The Unqueryable Factory
Machine 7 has a name for that sound. Not in the manual. Not in the CMMS. The name lives in Karl, who has operated Machine 7 for nineteen years — and who retires in September. Every meaningful conversation about agentic AI in manufacturing eventually hits the same wall: the wall is what you can actually query.
Machine 7 has a name for that sound.
Not in the manual. Not in the CMMS. Nowhere in the MES or the maintenance history or the twelve pages of standard operating procedure that the plant manager keeps in a binder by the workstation. The name lives in Karl, who has operated Machine 7 for nineteen years, who has heard every iteration of that sound across every ambient temperature and every production run, and who can tell you – without looking at a screen – whether it's the compressor cycling normally or the first warning that the vacuum pump is twenty minutes from failure.
Karl retires in September.
Every meaningful conversation I'm having about agentic AI in manufacturing eventually hits the same wall.
The wall is not the model. The model is good. It is not even the integration – though that is real, and I have written about the MES that never got an API. The wall is upstream of all of that. The wall is what you can actually query.
The dominant narrative about agentic manufacturing assumes that the factory's knowledge lives in its systems. A database, a historian, an MES record, a maintenance log. The agent queries. The agent reasons. The agent acts. This assumption works for operational data – shift reports, OEE numbers, scheduled maintenance intervals. It breaks completely at the judgment layer.
The judgment layer is where Karl lives.
29% of the aerospace and defence workforce is over 55. Ten thousand Baby Boomers retire every day. Fortune ran a piece in May calling institutional knowledge "the hidden bottleneck holding back manufacturing" – not machines, not capital, not AI readiness. Knowledge. And 41% of organisations, according to industry research, rarely or never attempt to collect expertise from retiring employees before they leave.
This is not a workforce-planning problem with an AI solution. It is an AI problem that starts before anyone has installed a model.
Karl's knowledge about Machine 7 is not in any system. It never was. It was never meant to be. It lived in the moment of learning – the first time he heard that sound and got it wrong, the second time he understood, the third time he predicted the failure forty minutes before it happened and saved a shift's worth of production. Nobody decided to write that down. Why would they? Karl was right there.
The MES knows the nominal maintenance schedule. It does not know that Machine 7 needs a fifteen-minute warm-up cycle when ambient temperature drops below 12°C. It does not know that the gearbox replaced in 2019 uses a non-standard bearing – SKF 6205-2RSH, not the spec'd 6205-2Z – because the original was backordered and Karl approved a substitute and never got around to updating the record. The MES holds the procedure. Karl holds the exceptions. The exceptions are most of the job.
Here is the tension nobody in the agentic AI discourse wants to sit with.
You can connect your agent to every system in the plant. Give it access to every table in the MES, every sensor reading from the SCADA stack, every work order in the CMMS. And when Machine 7 starts making that sound, the agent will check the maintenance schedule, find no flag, and do nothing.
iBase-t has started embedding AI capture into MES workflows. Glean published a playbook on knowledge transfer from retiring engineers. These are the right instincts. But they are enterprise-grade solutions for organisations that already have the systems. The plant manager with three months until Karl leaves does not have time for a platform deployment.
There is a precedent for this kind of problem. In the 1990s, knowledge engineers spent months in structured elicitation sessions with domain experts – painstaking conversations designed to extract tacit rules and encode them into expert systems. It worked, occasionally. It was slow, expensive, and fragile enough that only the largest organisations attempted it seriously. The knowledge transfer problem is not new. The tools have just changed.
The uncomfortable version of all this is that the agentic factory, as currently imagined, is a building designed around a library that nobody filled. The integration layer is being built. The protocol bridges are being built. The calling surfaces are being exposed. And the most important knowledge in the building was never written down.

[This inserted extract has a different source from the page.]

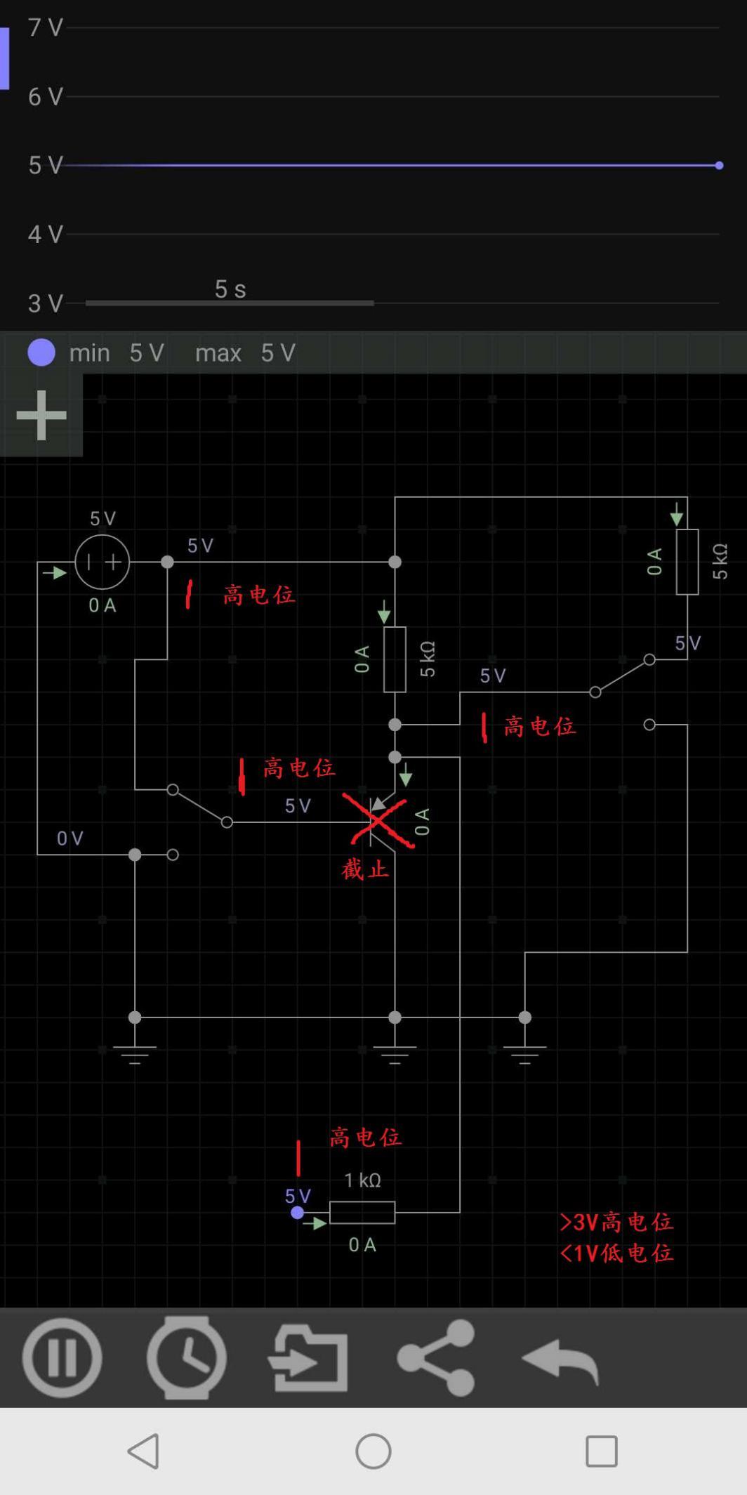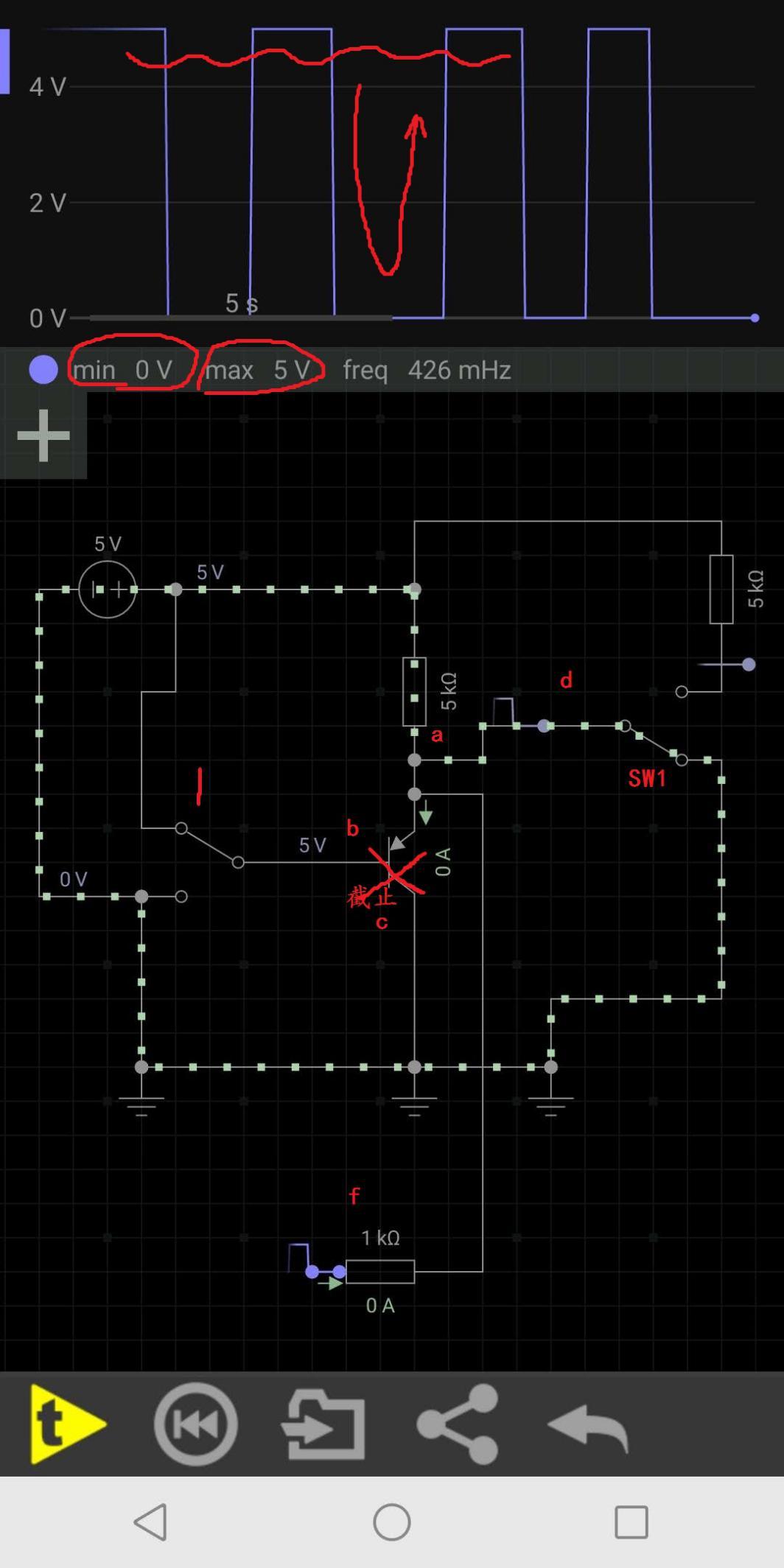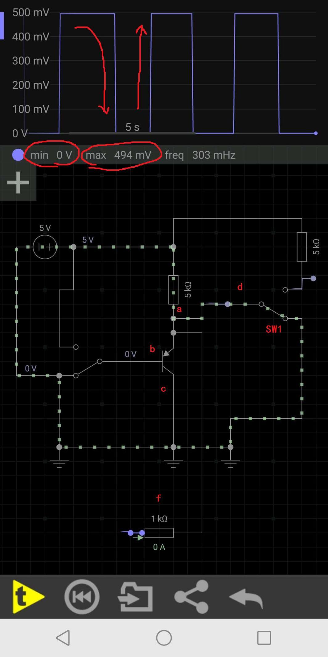此时可以直观的看出,上方的波形已经从几毫伏的变化,变成了现在的0到5V,当SW1切换到5V高电位,由于三极管截止了,所以a点就是5V高电位,f读取到的就是5V高于3V,于是控制器认为输入的是一个高电位,当SW1切换到0V低电位,还是因为三极管截止的原因,a点相当于通过SW1直接与负极相连,所以a点就是0V低电位,f读取到的就是0V低于1V,于是控制器就认为输入的是一个低电位,这样外部的信号与控制器读取的信号就一致了。

The shift that's happening now is not in the model. It's in the capture layer.
Voice transcription accurate enough to reliably structure speech arrived in 2024. LLM extraction capable enough to take a rambling walk-and-talk and produce structured, queryable output arrived in 2025. The combination – sit with Karl, walk the floor, record two hours of conversation, and emerge with a knowledge document that an agent can query and a new hire can read – is something that is possible today and almost nobody is using inside a factory.
Not the formal knowledge-engineering exercise of the 1990s. Something faster, more honest about its incompleteness, designed from the start to be read by agents as much as humans. The output is not a perfect expert system. It is a queryable approximation of Karl's judgment, captured while Karl is still there to correct it.
The factory that gets this right does not need a better model. It needs to spend two hours walking the floor with Karl before Karl walks out the door.
The agent can query the database. It can't query the man.